[Problem requirements] Would you please output, word for word, the span of the listing below that opens on the line containing "Soe o alarme" and closes on the line containing "Kök zümrüt ve garnet 8 ayar altın küpe"? Include both ends and nothing more.

[Supplied data]
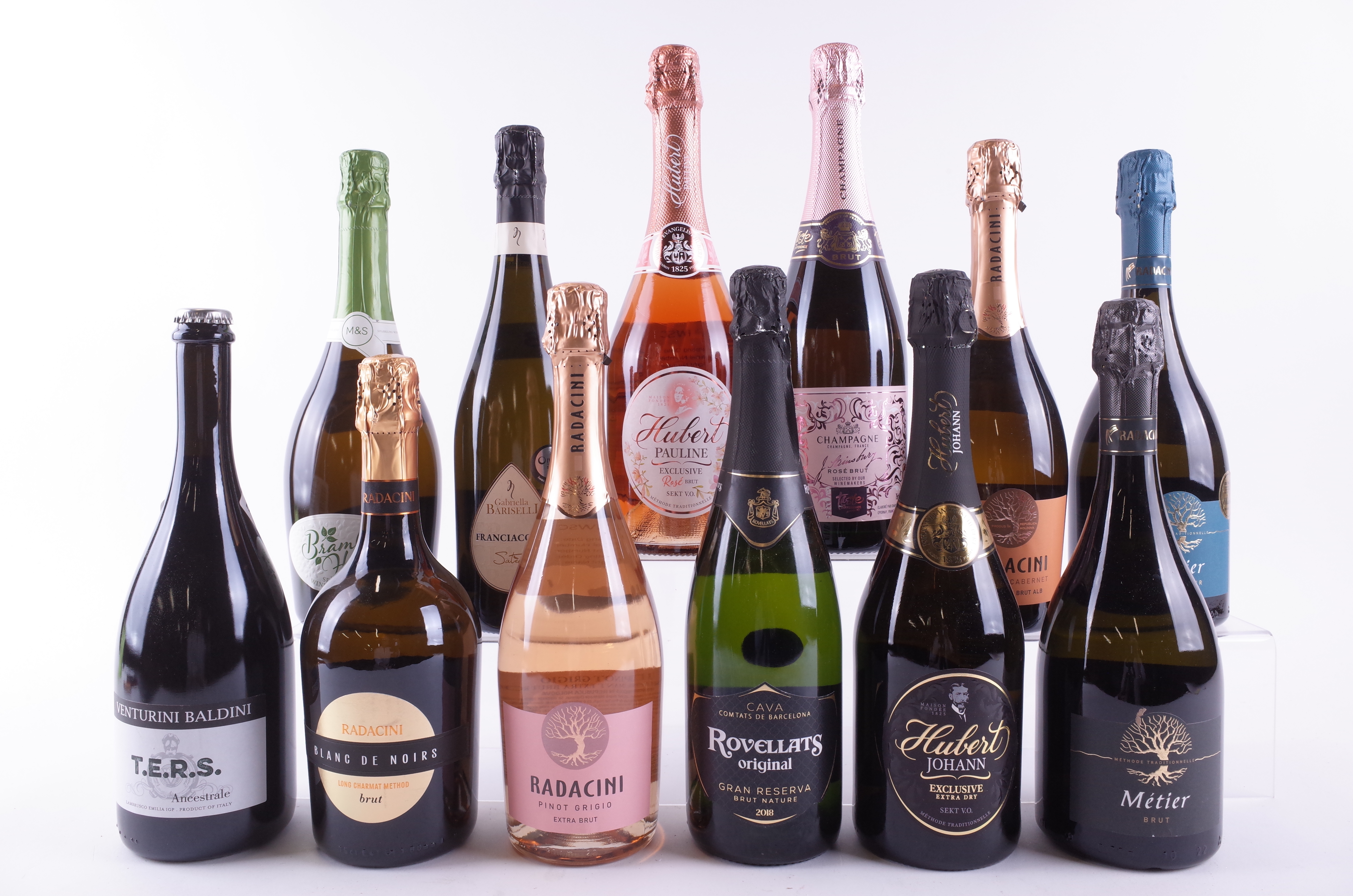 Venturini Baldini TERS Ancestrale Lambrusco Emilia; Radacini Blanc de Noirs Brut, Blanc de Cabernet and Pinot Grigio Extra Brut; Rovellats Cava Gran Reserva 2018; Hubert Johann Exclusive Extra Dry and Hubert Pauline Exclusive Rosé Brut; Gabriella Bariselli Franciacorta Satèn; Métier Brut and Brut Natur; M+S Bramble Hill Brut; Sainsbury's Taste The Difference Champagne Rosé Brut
--
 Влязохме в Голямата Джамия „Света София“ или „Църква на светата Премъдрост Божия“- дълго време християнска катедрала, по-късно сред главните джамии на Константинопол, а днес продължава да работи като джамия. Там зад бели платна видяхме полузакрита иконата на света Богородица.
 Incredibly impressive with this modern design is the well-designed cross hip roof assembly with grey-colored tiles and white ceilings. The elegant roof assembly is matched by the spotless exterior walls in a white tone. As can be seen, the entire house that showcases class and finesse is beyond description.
...
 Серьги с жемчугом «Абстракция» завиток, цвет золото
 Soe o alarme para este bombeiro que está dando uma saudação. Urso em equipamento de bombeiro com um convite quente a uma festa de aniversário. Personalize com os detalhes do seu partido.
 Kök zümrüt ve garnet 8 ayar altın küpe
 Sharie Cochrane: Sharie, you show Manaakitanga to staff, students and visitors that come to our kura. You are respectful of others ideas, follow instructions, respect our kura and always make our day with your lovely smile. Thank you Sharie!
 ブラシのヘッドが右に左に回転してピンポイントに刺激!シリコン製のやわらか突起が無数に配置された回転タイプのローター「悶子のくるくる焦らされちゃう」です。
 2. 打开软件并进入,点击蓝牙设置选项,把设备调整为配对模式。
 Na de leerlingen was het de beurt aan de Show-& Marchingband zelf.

[Answer below]
 Soe o alarme para este bombeiro que está dando uma saudação. Urso em equipamento de bombeiro com um convite quente a uma festa de aniversário. Personalize com os detalhes do seu partido.
 Kök zümrüt ve garnet 8 ayar altın küpe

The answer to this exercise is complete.